The opener, “Ten Grande Goldie”, has the scrapes and big beats and propulsion that you come to expect; but Blixa is in a gentle mood, supplemented by some delicate, snatched glossolalia… if you’re looking for referents, it feels that this track could sneak onto albums like Ende Neu, but there are surprises still; some Wurlitzer organ dances in, like a cinema screen sliding up, revealing Blixa in Cabaret mode, his language sliding and slipping into English and then away from it.

This is characteristic of late-periuod Neubauten. Blixa as a European, sitting in the non-ruins of Berlin, giving out the odd scream which is quickly absorbed into the machine fabric of Neubauten as entity. Yes, you can’t imagine this band without Blixa, but you can imagine that he sometimes struggles to assert himself on it, because the band has different driving forces, has its own unique expectations and pulses.

“Am Landwehrkanal” has a little ewok-on-stormtrooper-helmet percussion line as it gently tells the story of the death of Rosa Luxemburg, her murder and how her body was thrown into the Landwehr Canal; whereas “Möbliertes Lied” goes back to the slowly unfolding rising springs and swells of the classic Neubauten ballads; there’s a sense of gentle sighing here, a nostalgia for chaos. The sleevenotes mention Blixa, in perplexed disbelief, complaining that “they won’t let you into the junkyards anymore – for safety and insurance reasons”. The old dangers are gone; long live the new (undamaged) flesh.

“Zivilisatorisches Missgeschick” is all hums and air-raid sirens, and the seemingly implicit message to the fans: we are not gone… we are still not what you think… They collapse buildings, yes, but also categories. And, even in a language I don’t understand, you get a feel for Blixa’s understanding of the awkwardness of trying to absorb Neubauten into the music business; they’ve dipped in and out, but you never get the sense that they tried to make an album which fit — they didn’t make a Goo, for instance… or, if they did, they (thankfully) kept getting it wrong.

This new model of playing to the fans, or preaching to the perverted, has its own pitfalls, of course, and I remain cynical about a band with such an individualistic streak even considering shaving off (or, indeed, adding on) raw edges to the delight of their fans — but, in reality, there’s no sense of that here; this is as much a true Neubauten album as any other. Another observation: despite their noise, they’ve always been about silence and space as much as crashing and bawling. This has always elevated them beyond the “my metal bashing’s louder than yours” boys and in Alles In Allem there’s a lot of space, a lot of calm, just a few storms.
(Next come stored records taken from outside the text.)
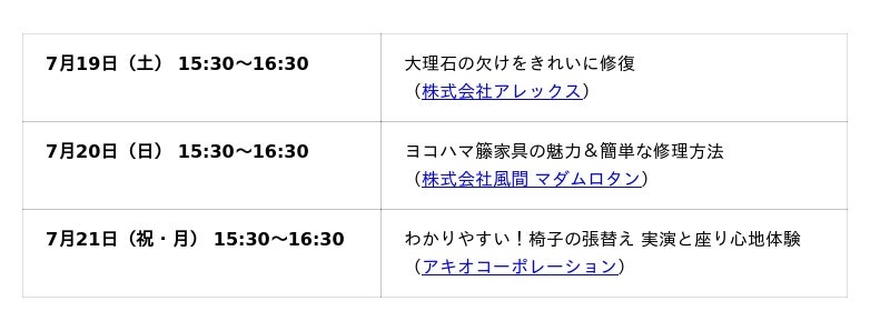 - アキオコーポレーション (Instagram @akio_corp)・匠と作る、私だけの折りたたみ正座椅子 (参加費:4500円)・踏み台×座面張り体験。暮らしに“座れる”をプラス (参加費:1500円)・親子で楽しむ!革の三つ編みコードホルダーづくり(参加費:500円)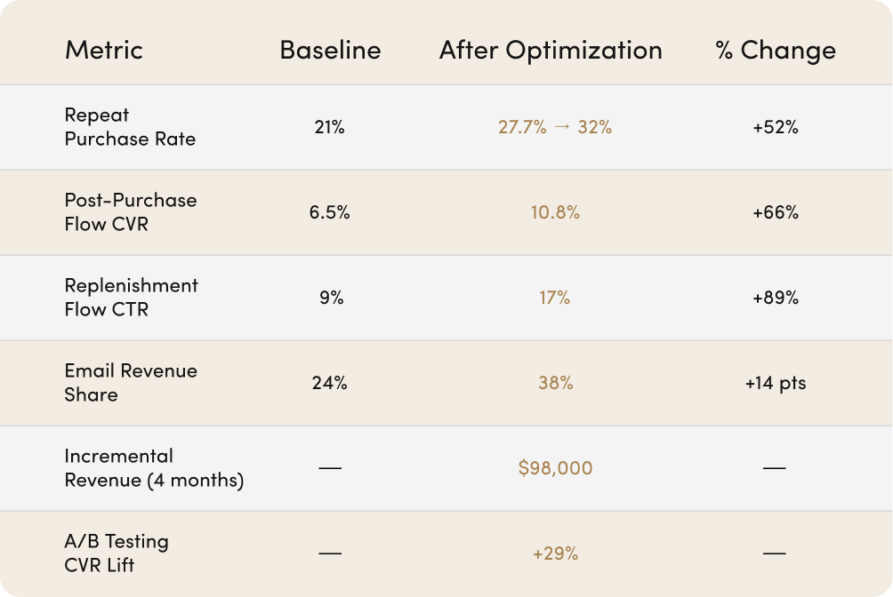 This DTC skincare brand had strong acquisition but weak retention. First-time buyers loved the product, yet too many disappeared after their initial order. Their emails were generic, post-purchase communication was minimal, and replenishment timing was guesswork.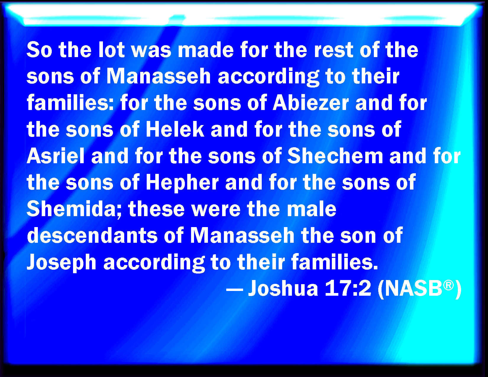 Bible Verse Slide Joshua 17:2 There was also a lot for the rest of the children of Manasseh by their families; for the children of Abiezer, and for the children of Helek, and for the children of Asriel, and for the children of Shechem, and for the children of Hepher, and for the children of Shemida: these were the male children of Manasseh the son of Joseph by their families. KJV: There was also a lot for the rest of the children of Manasseh by their families; for the children of Abiezer, and for the children of Helek, and for the children of Asriel, and for the children of Shechem, and for the children of Hepher, and for the children of Shemida: these were the male children of Manasseh the son of Joseph by their families. DRB: And to the rest of the children of Manasses according to their families: to the children of Abiezer, and to the children of Helec, and to the children of Esriel, and to the children of Sechem, and to the children of Hepher, and to the children of Semida: these are the male children of Manasses the son of Joseph, by their kindreds. DBT: There was also a portion for the rest of the children of Manasseh according to their families: for the children of Abiezer, and for the children of Helek, and for the children of Asriel, and for the children of Shechem, and for the children of Hepher, and for the children of Shemida: these are the children of Manasseh, the son of Joseph, the males, according to their families. ERV: And the lot was for the rest of the children of Manasseh according to their families; for the children of Abiezer, and for the children of Helek, and for the children of Asriel, and for the children of Shechem, and for the children of Hepher, and for the children of Shemida: these were the male children of Manasseh the son of Joseph according to their families. WBT: There was also a lot for the rest of the children of Manasseh by their families; for the children of Abiezer, and for the children of Helek, and for the children of Asriel, and for the children of Shechem, and for the children of Hepher, and for the children of Shemida: these were the male children of Manasseh the son of Joseph by their families. WEB: So this was for the rest of the children of Manasseh according to their families: for the children of Abiezer, for the children of Helek, for the children of Asriel, for the children of Shechem, for the children of Hepher, and for the children of Shemida: these were the male children of Manasseh the son of Joseph according to their families. YLT: And there is for the sons of Manasseh who are left, for their families; for the sons of Abiezer, and for the sons of Helek, and for the sons of Asriel, and for the sons of Shechem, and for the sons of Hepher, and for the sons of Shemida; these are the children of Manasseh son of Joseph — the males — by their families.Links Joshua 17:2 NIV • Joshua 17:2 NLT • Joshua 17:2 ESV • Joshua 17:2 NASB • Joshua 17:2 KJV • Joshua 17:2 Interlinear • Joshua 17:2 Commentaries • Joshua 17:2 Parallel Texts • Joshua 17:2 Bible Apps • Joshua 17:2 Parallel • Bible Hub |

“Taschen” has beats that sounds like more amateur tapdancing. That George Orwell quote: “if you want a picture of the future, imagine a boot stamping on a human face… forever”. Blixa sings of dreams and waiting, or ravenous monstrosities and, well, you have to say this is well timed. Some string sounds remind me of the dancing in the film The Hairdresser’s Husband, a beautiful intrusion and a desperate longing.

Maybe I’m hearing things. Maybe that’s the point.

Later, some aggressive coastal sounds, uncalming, unheimlich; and then more speaking in tongues, or some rising Jhonn Balance-like Gregorian chanting or… At one point, Blixa picks up a guitar again and gives us a little echo of the past (you can imagine Nick Cave strutting around in front of him, just for a second) but this isn’t then, and now you could almost get a glimpse of a less obviously jazzy Spontaneous Music Ensemble (I’m thinking on “Grazer Damm”), though just as an impression rather than a soundalike.

I’m not sure that’s true, but I’d be curious if you agreed. My Neubauten is unlikely to be the same as yours.

I could go on, but you’ll probably want to find out for yourself. I’ve said enough; it’s better to listen. If you want a quick line to ease your worries: nothing here sounds like anything other than Einstürzende Neubauten, nothing here will confound you too much, nothing will make you feel uneasy at the places they’ve found themselves. You’ll not be disappointed because you know them, as they know you.